> WHAT IS REQUIRED
Copy each line of the listing below exactly and drop the images.

> PROVIDED RECORDS
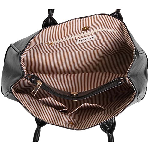 This bag also features a striped canvas strong fabric lined interior, multiple inner pockets, gold-tone hardware and 4 gold-tone studs/stubs on the bottom to keep this top double handle handbag away from excess dirt. This all-rounder purse by FASH is a true trendsetter and a perfect accessory for every occasion, so be as quick as you can and get one soon.*Due to monitor variations colors may appear slightly different.*
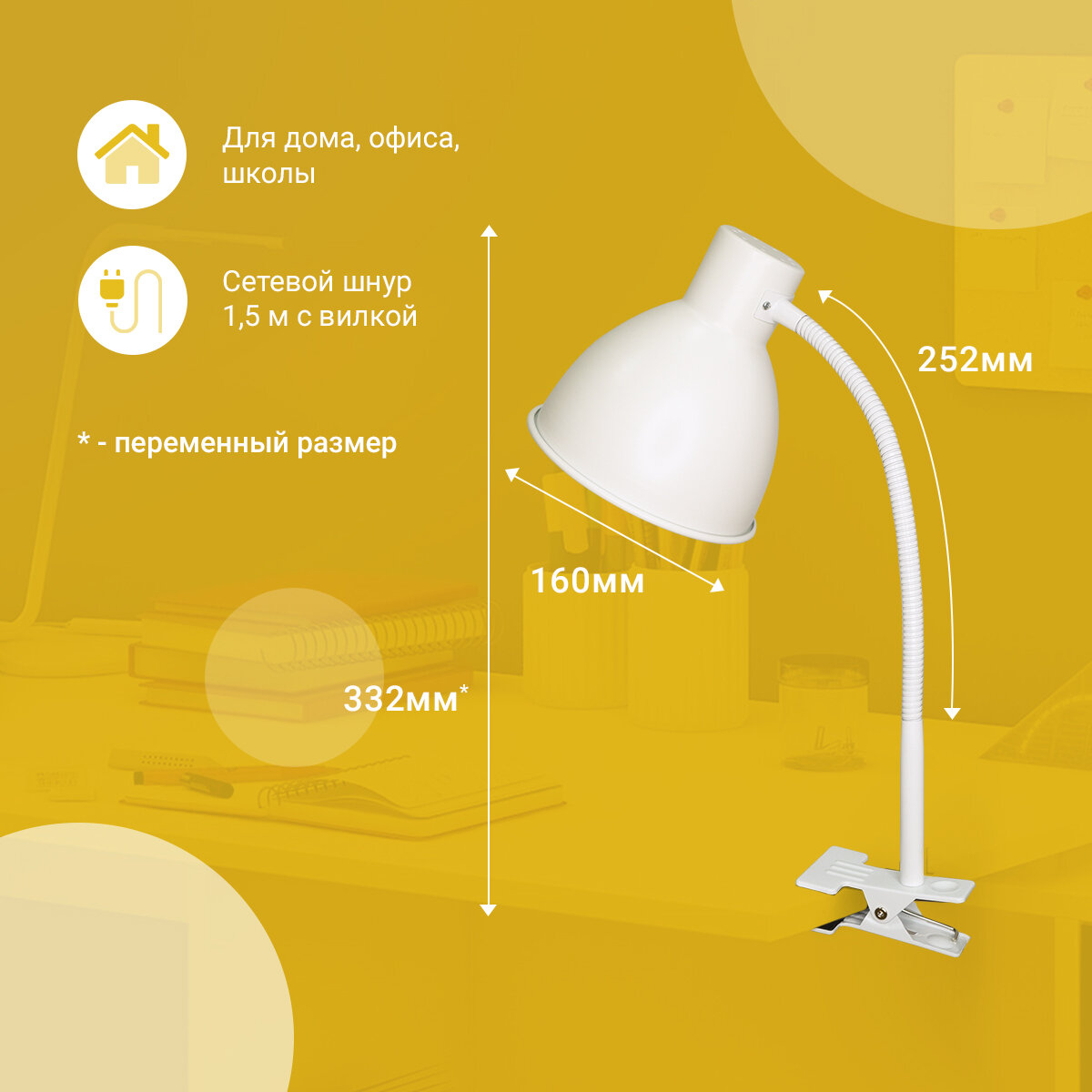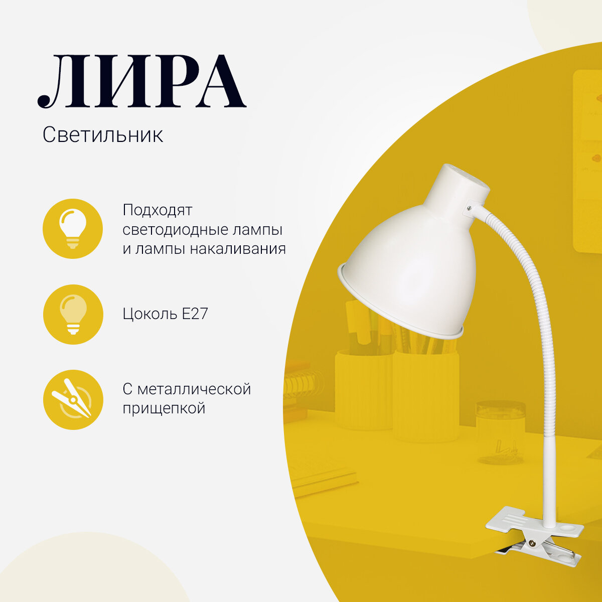 Лампа настольная классическая Трансвит Лира на прищепке, светильник для школы, учебы, офиса, Е27, белый: сравнение цен, характеристики, фото, актуальное наличие и цены.
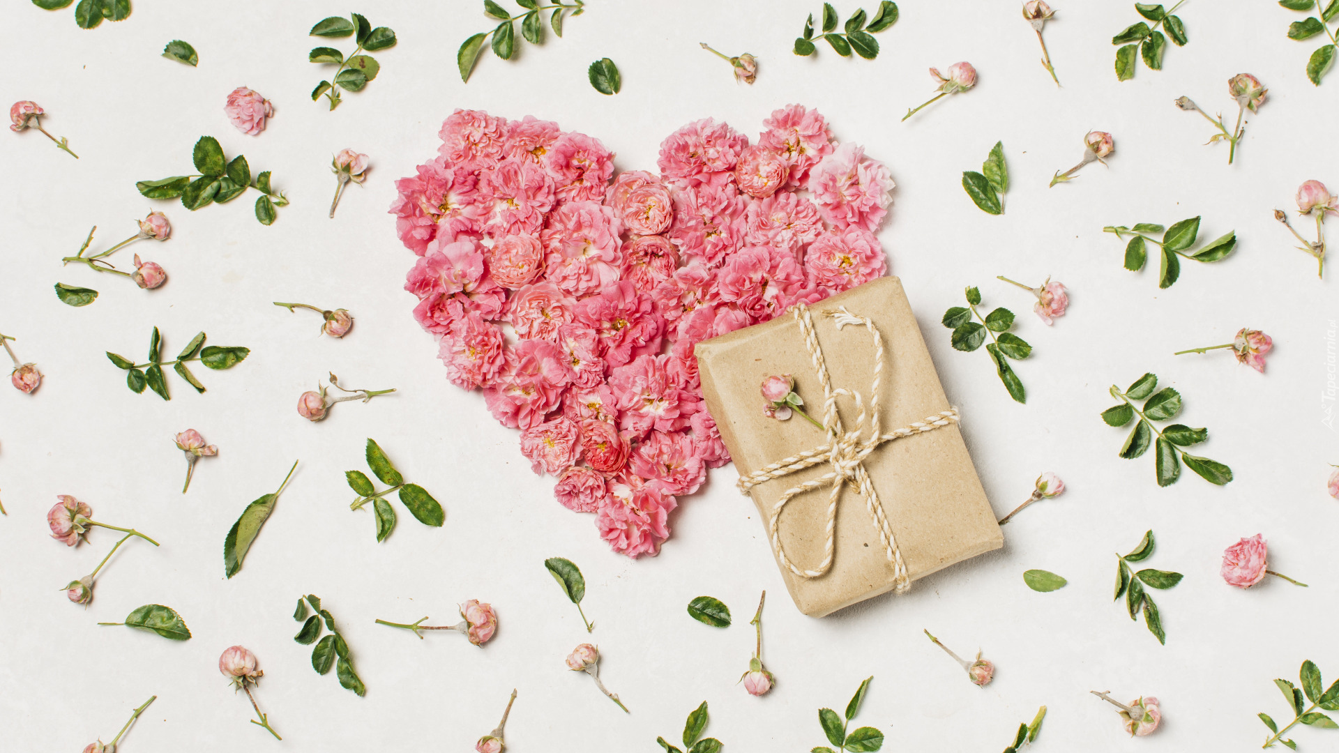 Edytor tapety: Prezent na sercu z róż na białym tle
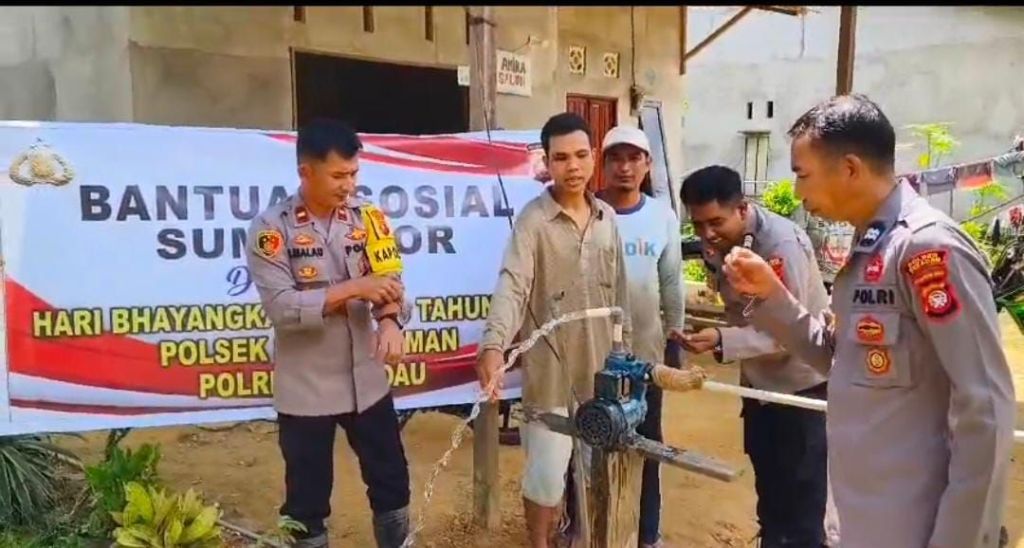 SEKADAU, Polda Kalbar – Polsek Nanga Taman memberikan bantuan sumur bor kepada warga Desa Nanga Kiungkang, Kecamatan Nanga Taman, Sekadau, Kalbar. Bantuan ini diserahkan langsung oleh Kapolsek Nanga Taman, IPDA Insan Malau, S.H, pada Kamis (8/8), sebagai bagian dari rangkaian peringatan Hari Bhayangkara ke-78 Tahun 2024.
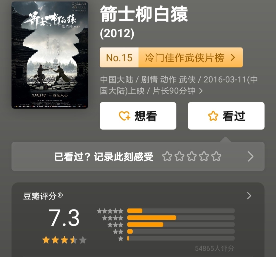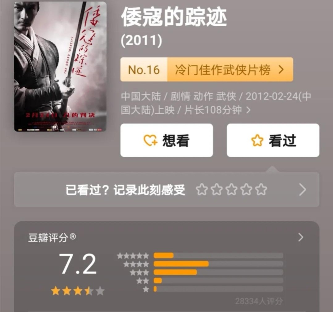 豆瓣评分至今为7.2,且位列冷门佳作武侠榜16。
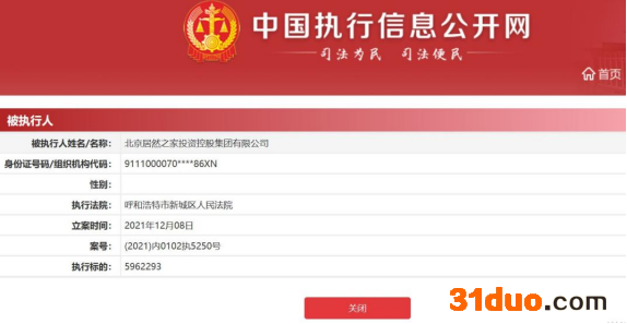 中新经纬12月14日电 (张燕征)近日,中新经纬从中国执行信息公开网获悉,北京居然之家投资控股集团有限公司(下称居然控股)12月8日被呼和浩特市新城区人民法院列为被执行人,执行标的为596.23万元人民币。
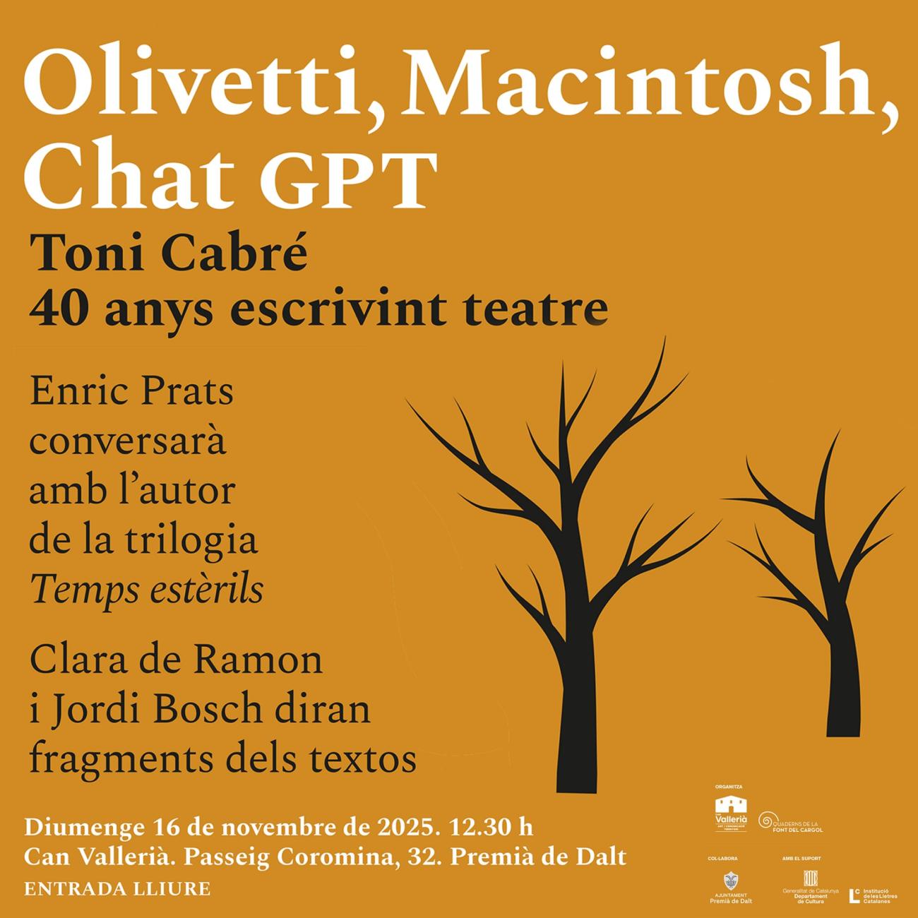 Enric Prats conversarà amb l'autor de la trilogia, que celebra els 40 anys de professió del dramaturg. L'acte tindrà lloc a Can Vallerià (passeig Coromina, 32).
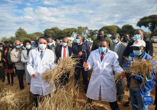 當(dāng)天,中國駐博茨瓦納大使王雪峰同博代總統(tǒng)措霍瓦內(nèi)一起走進(jìn)水稻試驗田,拿起鐮刀收割水稻,共同分享豐收喜悅。兩人還就加強(qiáng)兩國農(nóng)業(yè)合作進(jìn)行了交流。
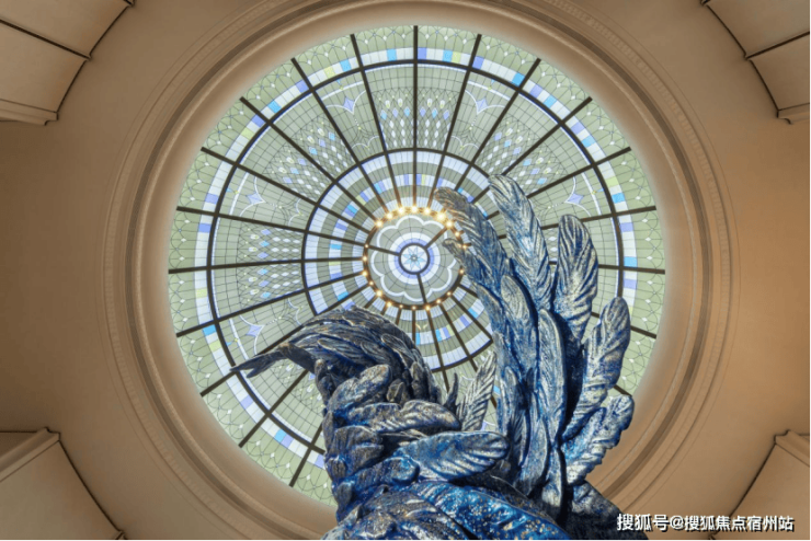 彩玻穹顶之下,是一尊名为“百羽栖澜”的艺术雕塑
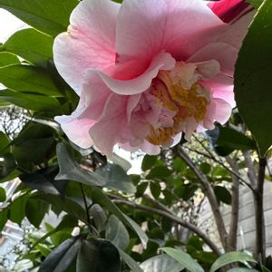 ツバキ(四海波)・・・ 咲いていますが、花が大きく重さで垂れて、スマホ📱でパチリ🤳がなかなかに大変です😂
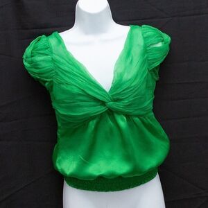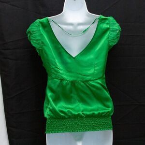 Bebe Vintage Y2K Trendy Green Satin V Neck Short Sleeve Top XS Elastic Waist Lightweight 2 oz
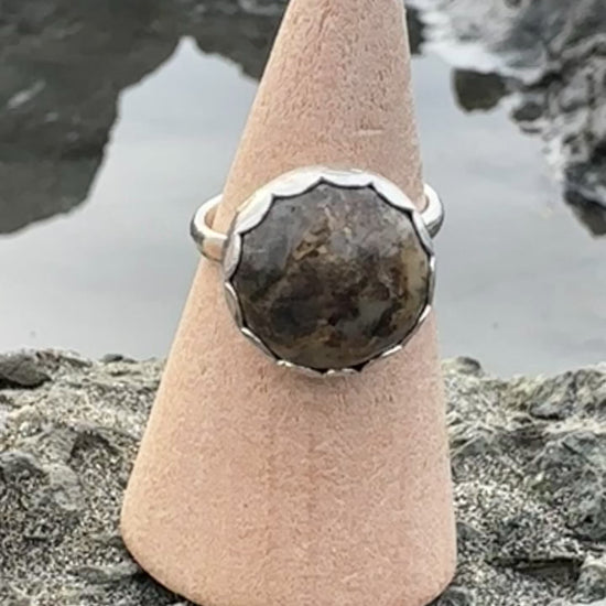 Hand made with lovely NorCal River chalcedony with natural iron and manganese inclusions, size 8.

> PROBLEM SOLUTION
 This bag also features a striped canvas strong fabric lined interior, multiple inner pockets, gold-tone hardware and 4 gold-tone studs/stubs on the bottom to keep this top double handle handbag away from excess dirt. This all-rounder purse by FASH is a true trendsetter and a perfect accessory for every occasion, so be as quick as you can and get one soon.*Due to monitor variations colors may appear slightly different.*
 Лампа настольная классическая Трансвит Лира на прищепке, светильник для школы, учебы, офиса, Е27, белый: сравнение цен, характеристики, фото, актуальное наличие и цены.
 Edytor tapety: Prezent na sercu z róż na białym tle
 SEKADAU, Polda Kalbar – Polsek Nanga Taman memberikan bantuan sumur bor kepada warga Desa Nanga Kiungkang, Kecamatan Nanga Taman, Sekadau, Kalbar. Bantuan ini diserahkan langsung oleh Kapolsek Nanga Taman, IPDA Insan Malau, S.H, pada Kamis (8/8), sebagai bagian dari rangkaian peringatan Hari Bhayangkara ke-78 Tahun 2024.
 豆瓣评分至今为7.2,且位列冷门佳作武侠榜16。
 中新经纬12月14日电 (张燕征)近日,中新经纬从中国执行信息公开网获悉,北京居然之家投资控股集团有限公司(下称居然控股)12月8日被呼和浩特市新城区人民法院列为被执行人,执行标的为596.23万元人民币。
 Enric Prats conversarà amb l'autor de la trilogia, que celebra els 40 anys de professió del dramaturg. L'acte tindrà lloc a Can Vallerià (passeig Coromina, 32).
 當(dāng)天,中國駐博茨瓦納大使王雪峰同博代總統(tǒng)措霍瓦內(nèi)一起走進(jìn)水稻試驗田,拿起鐮刀收割水稻,共同分享豐收喜悅。兩人還就加強(qiáng)兩國農(nóng)業(yè)合作進(jìn)行了交流。
 彩玻穹顶之下,是一尊名为“百羽栖澜”的艺术雕塑
 ツバキ(四海波)・・・ 咲いていますが、花が大きく重さで垂れて、スマホ📱でパチリ🤳がなかなかに大変です😂
 Bebe Vintage Y2K Trendy Green Satin V Neck Short Sleeve Top XS Elastic Waist Lightweight 2 oz
 Hand made with lovely NorCal River chalcedony with natural iron and manganese inclusions, size 8.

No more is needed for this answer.